**How to complete this task:**
Reproduce the material below only from the line with "Designed for women" to the line with "Lobo manages to", both included, keeping each line exact and dropping the pictures.
*** Opening of Source material ***
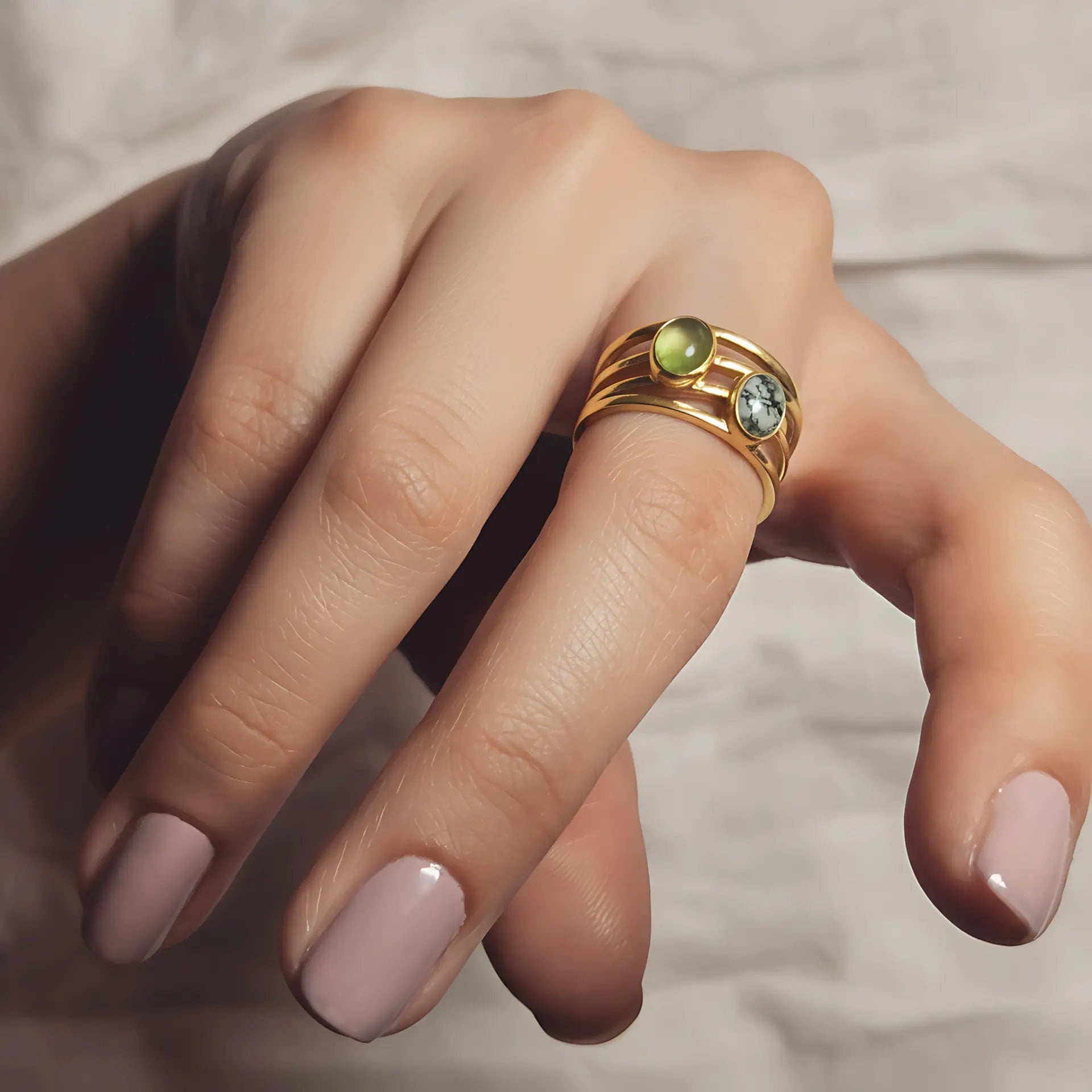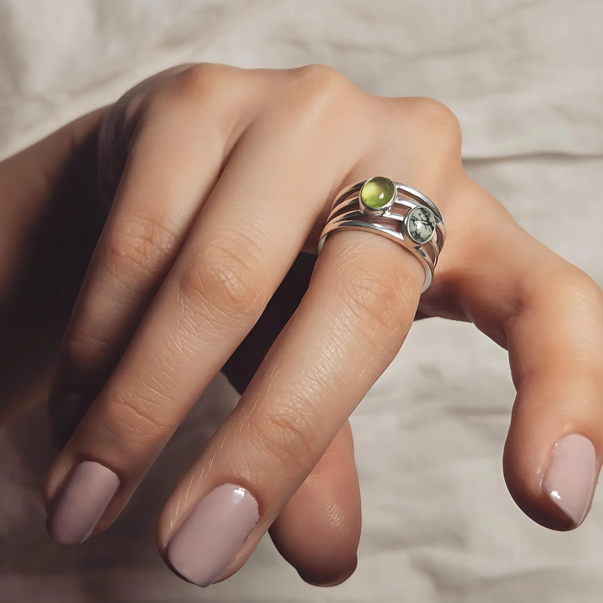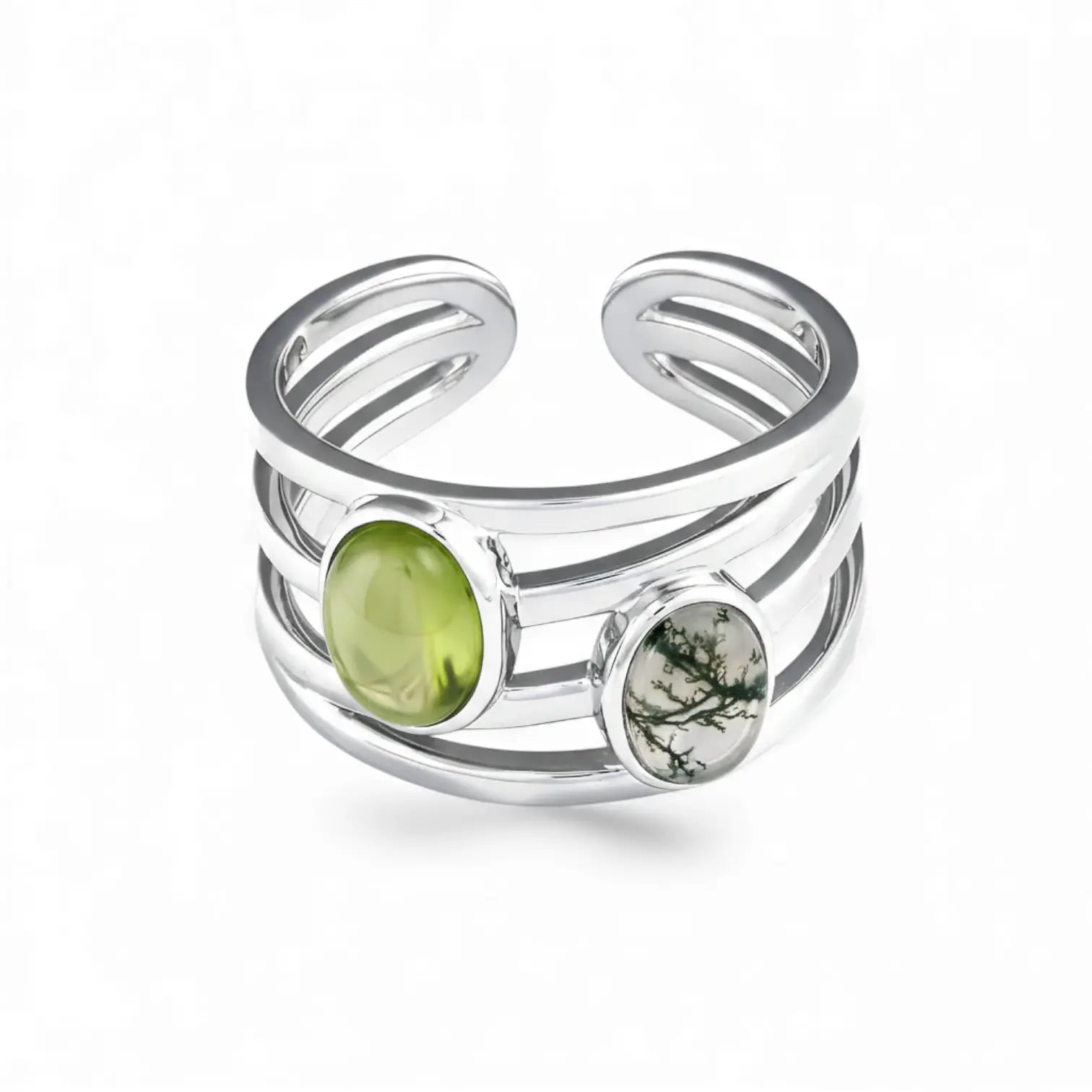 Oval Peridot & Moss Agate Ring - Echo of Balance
*** Close of Source material ***
*** Opening of Source material ***
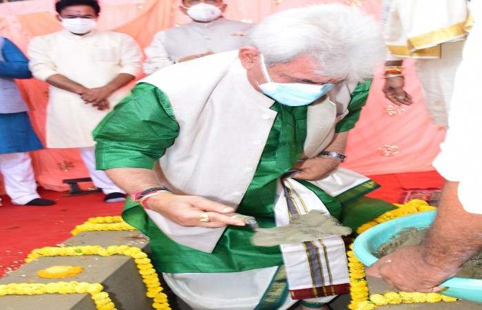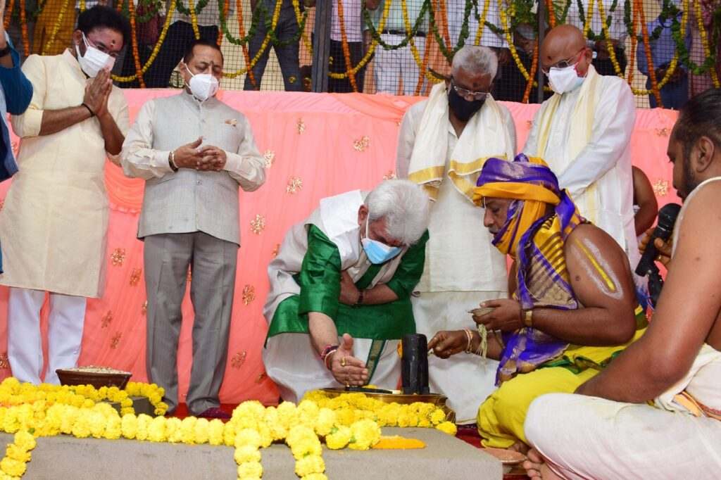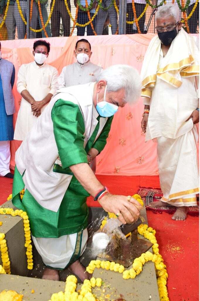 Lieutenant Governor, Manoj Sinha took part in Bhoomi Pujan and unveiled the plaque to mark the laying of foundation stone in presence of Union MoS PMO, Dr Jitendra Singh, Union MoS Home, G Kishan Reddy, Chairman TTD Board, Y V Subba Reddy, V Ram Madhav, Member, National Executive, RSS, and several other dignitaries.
*** Close of Source material ***
*** Opening of Source material ***
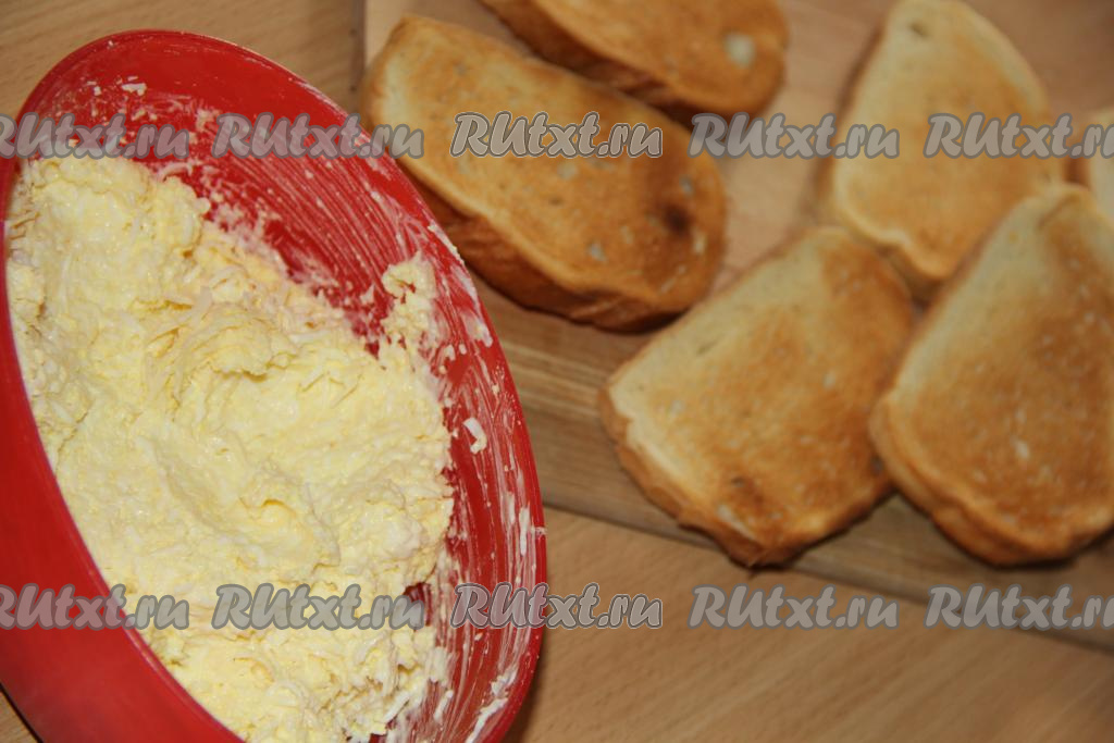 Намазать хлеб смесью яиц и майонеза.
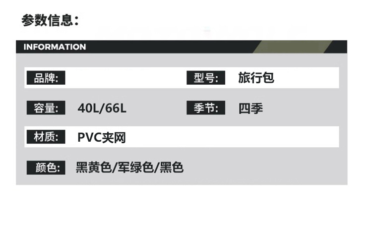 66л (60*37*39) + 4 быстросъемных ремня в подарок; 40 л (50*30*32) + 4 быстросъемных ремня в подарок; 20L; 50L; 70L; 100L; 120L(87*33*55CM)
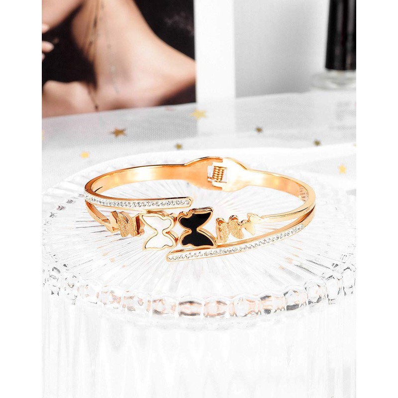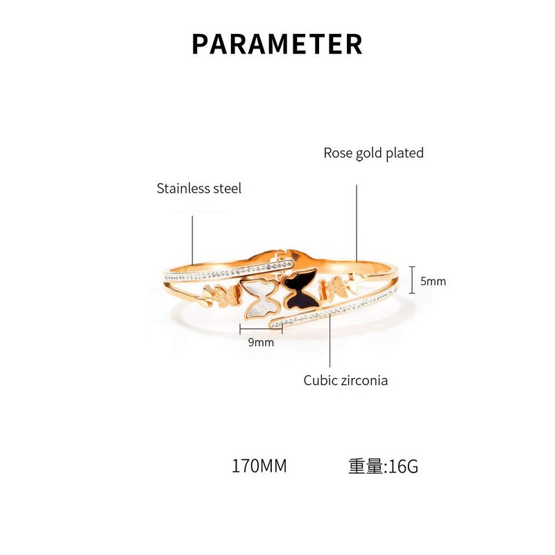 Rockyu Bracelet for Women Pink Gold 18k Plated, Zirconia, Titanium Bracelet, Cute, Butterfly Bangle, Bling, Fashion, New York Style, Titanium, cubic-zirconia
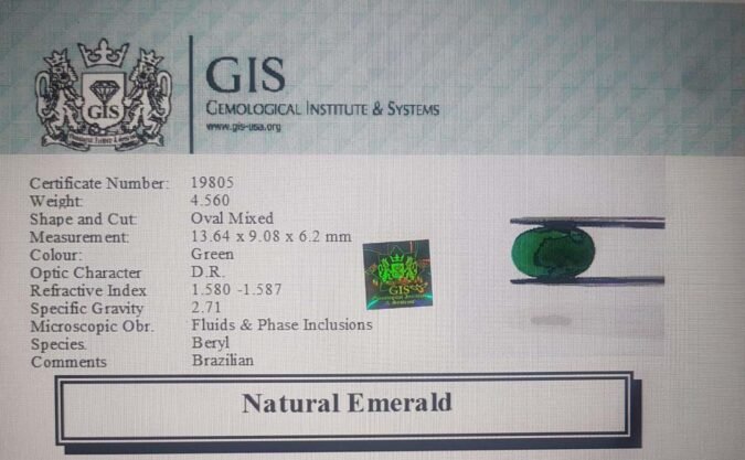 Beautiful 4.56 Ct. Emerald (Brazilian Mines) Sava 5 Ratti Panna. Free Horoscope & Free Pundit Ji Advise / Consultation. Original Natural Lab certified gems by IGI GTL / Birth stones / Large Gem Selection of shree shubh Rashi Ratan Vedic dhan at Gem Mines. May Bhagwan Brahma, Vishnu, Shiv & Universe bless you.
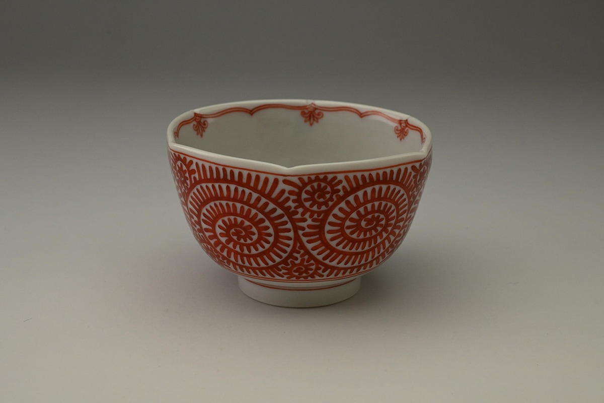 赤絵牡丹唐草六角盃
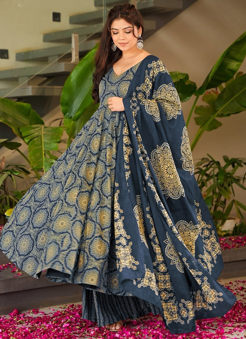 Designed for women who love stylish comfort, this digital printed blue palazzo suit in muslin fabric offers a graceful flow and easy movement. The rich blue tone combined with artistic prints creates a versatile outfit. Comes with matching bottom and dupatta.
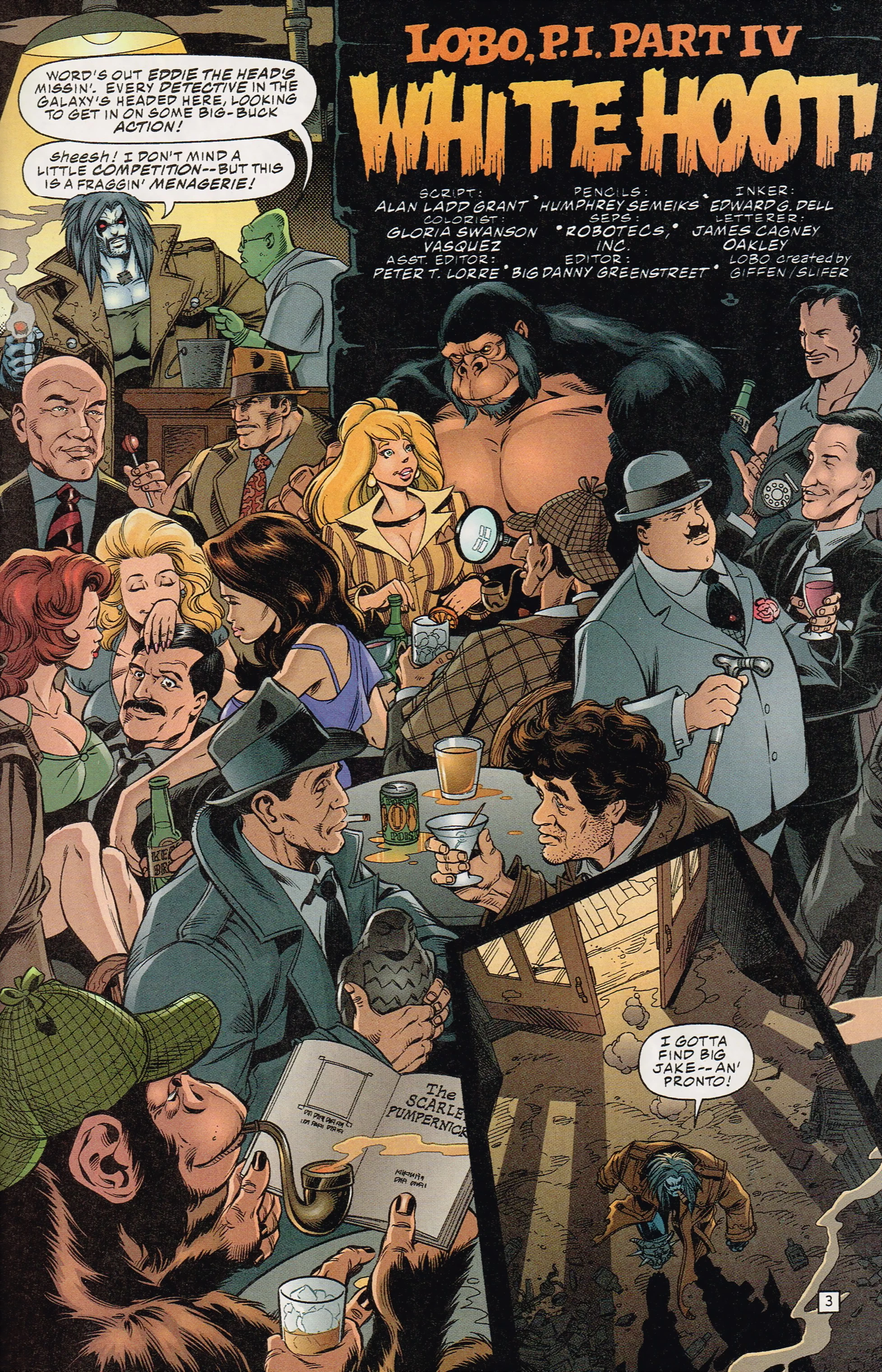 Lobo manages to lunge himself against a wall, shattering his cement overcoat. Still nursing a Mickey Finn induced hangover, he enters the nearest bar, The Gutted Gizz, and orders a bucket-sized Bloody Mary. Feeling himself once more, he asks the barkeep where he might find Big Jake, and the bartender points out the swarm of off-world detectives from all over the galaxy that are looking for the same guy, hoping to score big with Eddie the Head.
*** Close of Source material ***
**Result of this task:**
 Designed for women who love stylish comfort, this digital printed blue palazzo suit in muslin fabric offers a graceful flow and easy movement. The rich blue tone combined with artistic prints creates a versatile outfit. Comes with matching bottom and dupatta.
 Lobo manages to lunge himself against a wall, shattering his cement overcoat. Still nursing a Mickey Finn induced hangover, he enters the nearest bar, The Gutted Gizz, and orders a bucket-sized Bloody Mary. Feeling himself once more, he asks the barkeep where he might find Big Jake, and the bartender points out the swarm of off-world detectives from all over the galaxy that are looking for the same guy, hoping to score big with Eddie the Head.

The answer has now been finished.